Those members of a breed with qualities most suited to a location will
survive and dominate. Mutation is the idea that actual changes are made in genes
themselves for many different reasons. After a period of time, the gene
pool of a later generation may therefore differ from the original gene
pool. Lecky noted this in animals he observed in Jamaica where some cattle
showed significant improvements after a period of 20 years.
By the
early 1950s, Lecky saw his ideas realized and the first examples of
genetically bred cattle, named Jamaica Hope, were ready. They were a
combination of the British Jersey cow (small, and light feeding) with the
Holstein (heavy milk producers) and the Indian Sahiwal breed (disease
resistant and adapted to the tropics). The Jamaica Hope could produce up
to an average of 12 litres of milk a day 3 times that produced by
other cattle on the island. Lecky's work revolutionized the Jamaican dairy
industry and indeed the dairy industry around the world. Scientists from
many different countries flocked to Jamaica to see what he had done.
Lecky's work impacted on the development of cattle in many tropical
countries.
THE JAMAICA RED Not satisfied with the Jamaica
Hope, mainly a producer of milk, Lecky turned his attention to creating a
Jamaican breed able to produce meat. He worked with cattle farmers and
looked carefully at Indian cattle. He selected from amongst a few breeds
of Indian cattle that had been brought into the island and created a new
breed known as the Jamaica Brahman, which has since become popular also in
Latin America. Farmers had noted that the imported English Red cattle,
which had not proved resistant to ticks and tropical disease, when bred
with the Jamaica Brahman, produced cattle of top quality beef. This breed
became known as the Jamaica Red the main meat-producing cattle on
the island.
THE JAMAICA BLACK Still not satisfied, Lecky
decided to focus on cattle who could live in the cooler areas of the
island where other breeds were unable to thrive. He bred the black
Aberdeen Angus from Scotland, well adapted to cool temperatures, with the
Jamaica Brahmans to produce a small, black cattle called the Jamaica
Black. Yet, even though some claim it has the best quality of beef on the
island, the Jamaica Black proved to be the most difficult breed to care
for. Not surprisingly, it did not prove to be as popular as its two
predecessors, the Jamaica Hope and the Jamaica Red, among cattle farmers.
Dr. Lecky
retired from government service in 1965, but remained available as a
consultant until close to his death in 1994. Indeed he was at work at his
beloved Bodles Research Station until a week before his death, having
dedicated over 60 years of his life to the development of Jamaican
livestock. Prior to his passing, Dr. T.P. Lecky received Jamaica's highest
civilian honour, the Order of Merit, for creating new breeds based on
foreign cattle that reproduce on their own without acting like cross
breeds or hybrids. He also received the Norman Manley Award for
excellence. A countryman at heart, Lecky took greatest consolation from
knowing he had helped small farmers like his parents improve their lot. He
is remembered as the father of the Jamaican Dairy Industry.

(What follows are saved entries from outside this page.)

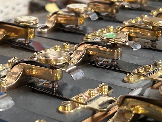 Tuning a batch of Kingston High Bridge. This model coil was used in Model T from 1909-1910. There are a few original coils in this batch and the rest are brand new coils. The brass bridge was cast and machined and new wood boxes made.
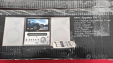 Lettore DVD e TV completo di casse acustiche separate. Impianto funzionante a corrente, con telecomando e istruzioni nella scatola originale CDV. Per altre info chiedere.
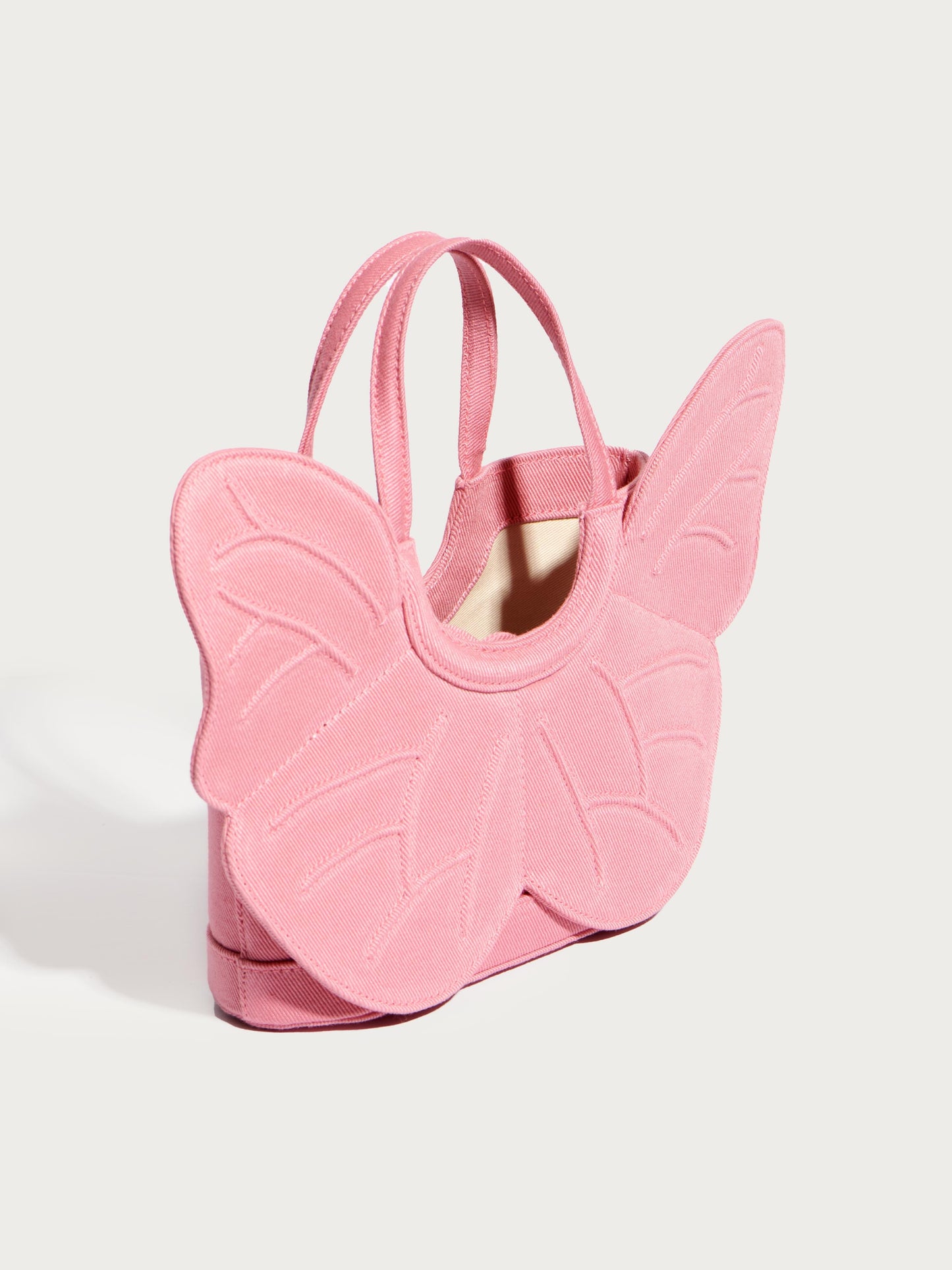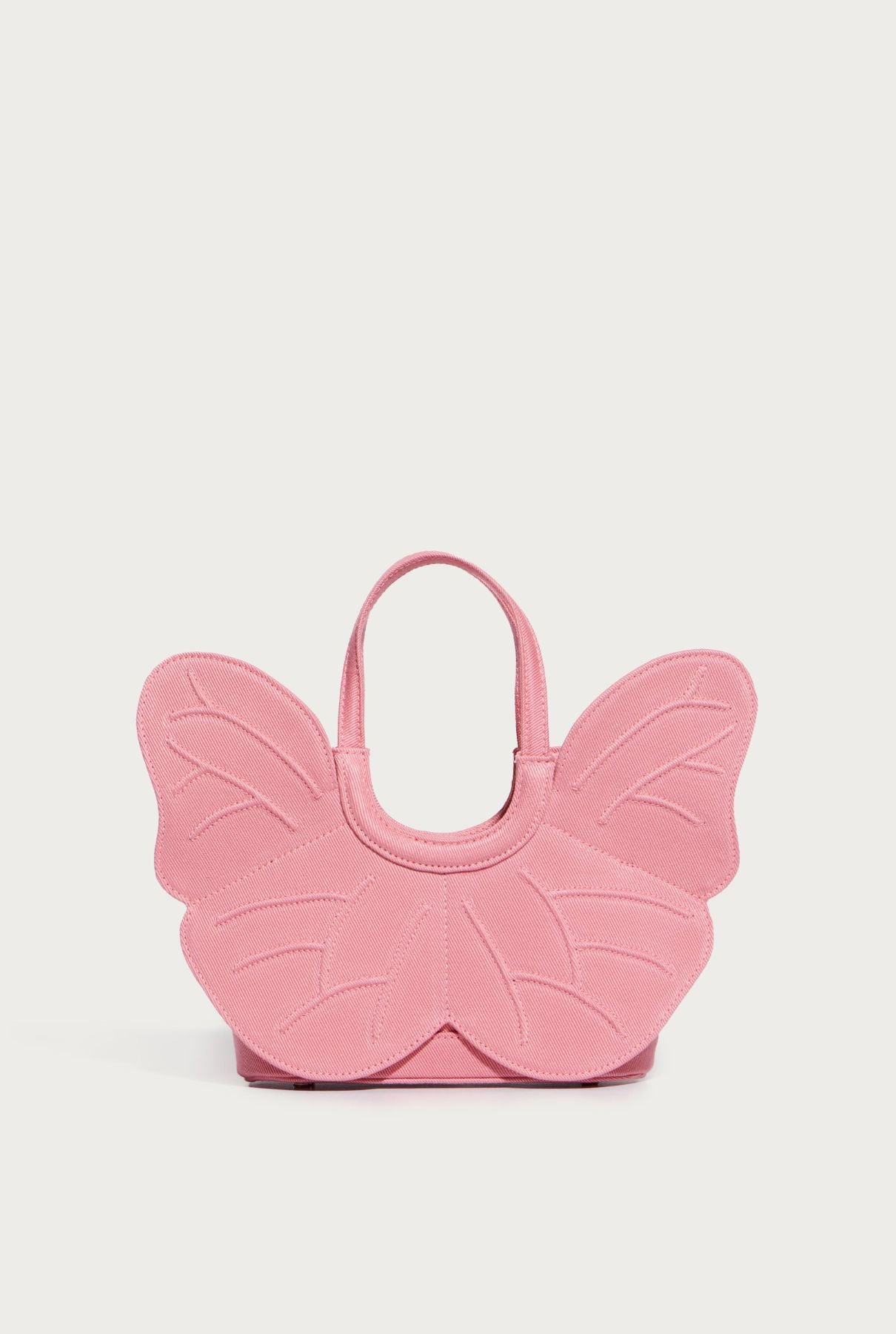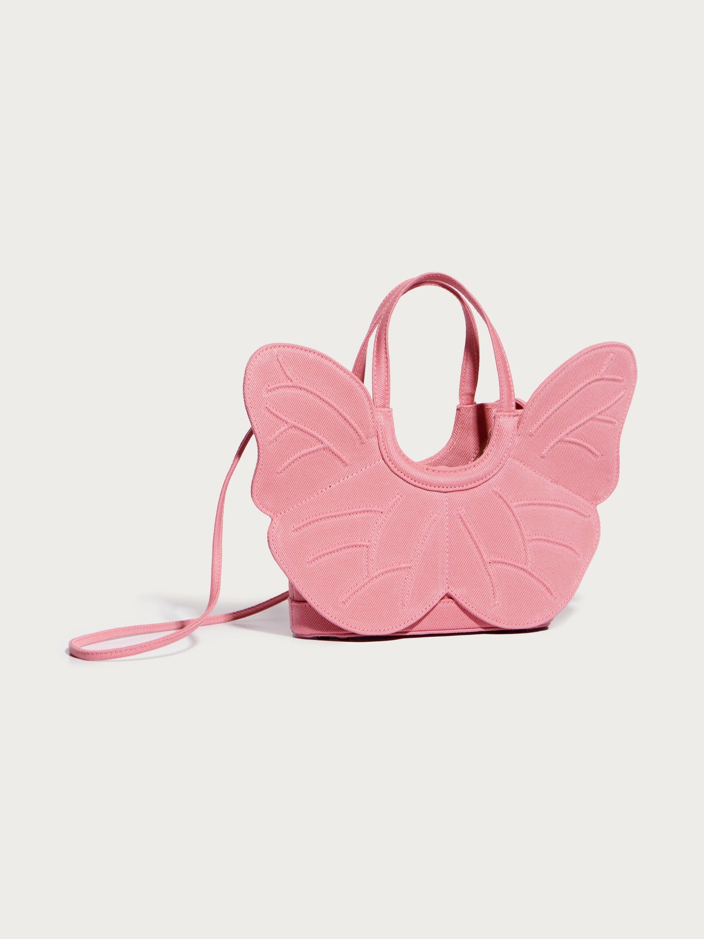Bolso con forma de mariposa en denim rosa. Asa para llevar en la mano y asa larga extraíble para llevar al hombro.

The Father of Jamaican Fish
AJ Thomas
1909-1988 A self-educated scientist and
international consultant, Austin James Thomas was born in 1909 in
Westmoreland. A lifelong environmentalist, careful angler and longtime
secretary of the Jamaica Angling Association, Thomas' love of fish led him
to revitalize and mechanise Jamaica's fish industry.
He first came to
prominence in 1945, not for his scientific work but because he created a
new world record by catching the largest white marlin ever seen in
Jamaica. It weighed 80 kilos seven kilos more than the previous
record holder. In 1949, his fishing skills catapulted him further
a fish he caught on the North Coast was determined to be of a new
species, as yet unknown to science. It was named Gobiosoma thomasi after
him.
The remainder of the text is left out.